I sleep soundly until dawn and take an early morning wash in the river. Mist clings to the side of the hills and thinly over the ground. Next to the river, palm trees rise up out of the mist.
It is some time until breakfast. We can’t make an early start because we have to wait for the truck that will take our luggage to the next village, where we transfer to dugouts.
Once the luggage is safely on its way, we set off on foot across the plain in the full heat of the day. After a little less than an hour’s walking, the truck meets us on its return journey. We clamber aboard and soon arrive at the village.
There is a small shop where we can buy provisions, although their electricity is off so the drinks are warm. Then we board the canoes and are off. We motor along at a considerable rate until lunch time, and I find I am getting showered in spray. The view alternates between open plains, and tree-lined banks.

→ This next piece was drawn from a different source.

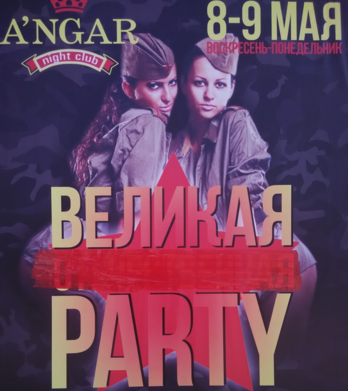 Кокшетаусцам не понравились параллели между историческим событием и вечеринкой. Арт-директор ночного клуба Диас Нурмагамбетов рассказал, что распорядился закрасить слово "Отечественная", чтобы не смущать горожан.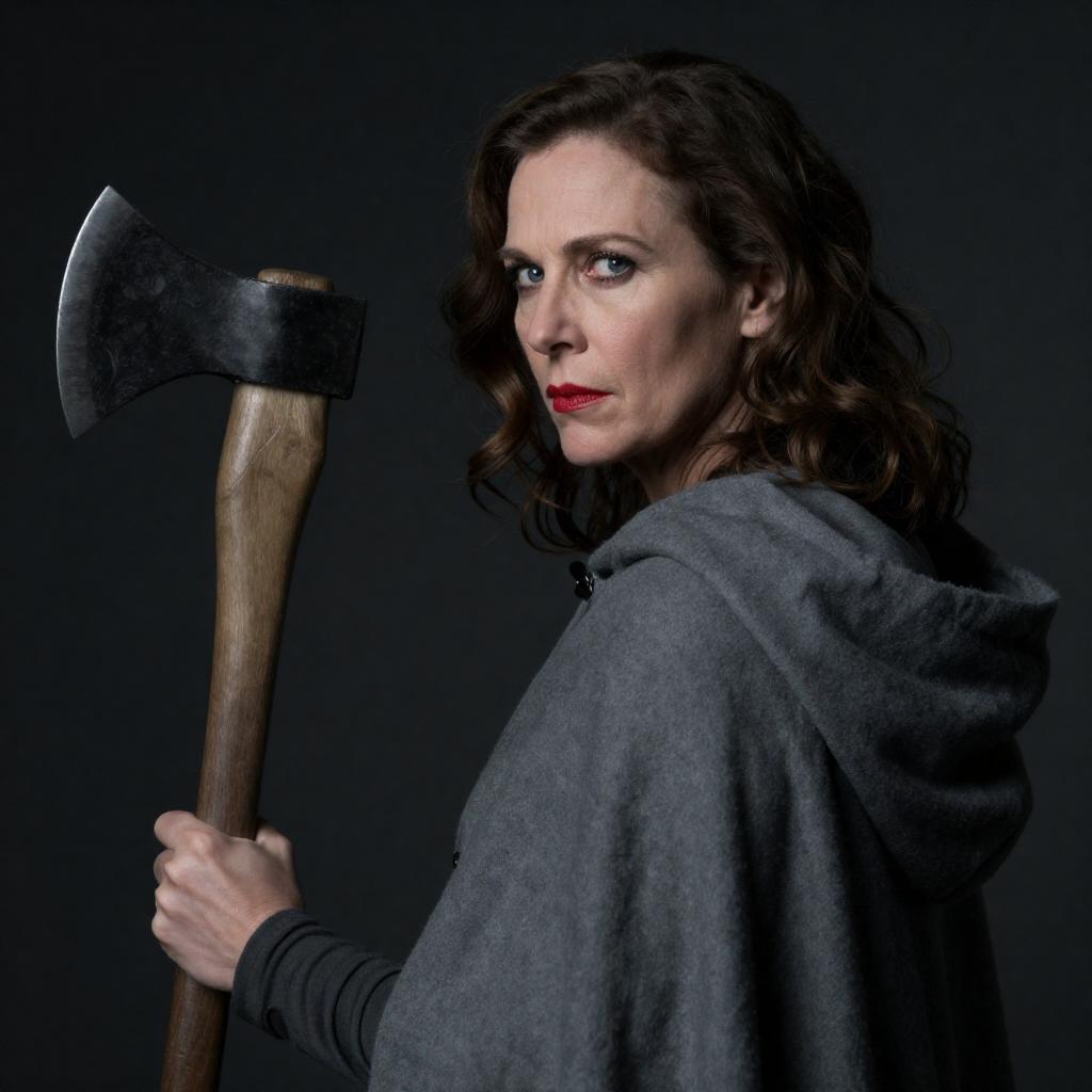 Middle-aged woman with wavy brown hair, wearing a gray cloak, holding a large axe, looking back over her shoulder with an intense expression. Dark, shadowy background. Her red lipstick contrasts with her pale skin. Side profile.

We have a simple lunch beside some rapids, and then continue for about an hour of more gentle motoring to our campsite “Iwana-Meru”. There are two open-sided shelters in a clearing, one for the hammocks and one to eat under. We help to unload the canoes just above the rapids next to the camp, and then the crew very carefully let the canoes down to the other side. A short way downstream is a sandy bay where we can swim. It seems cold getting in, but it’s delightful. On the other side of the river far across the plain, two tepuis rise majestically towards the sky.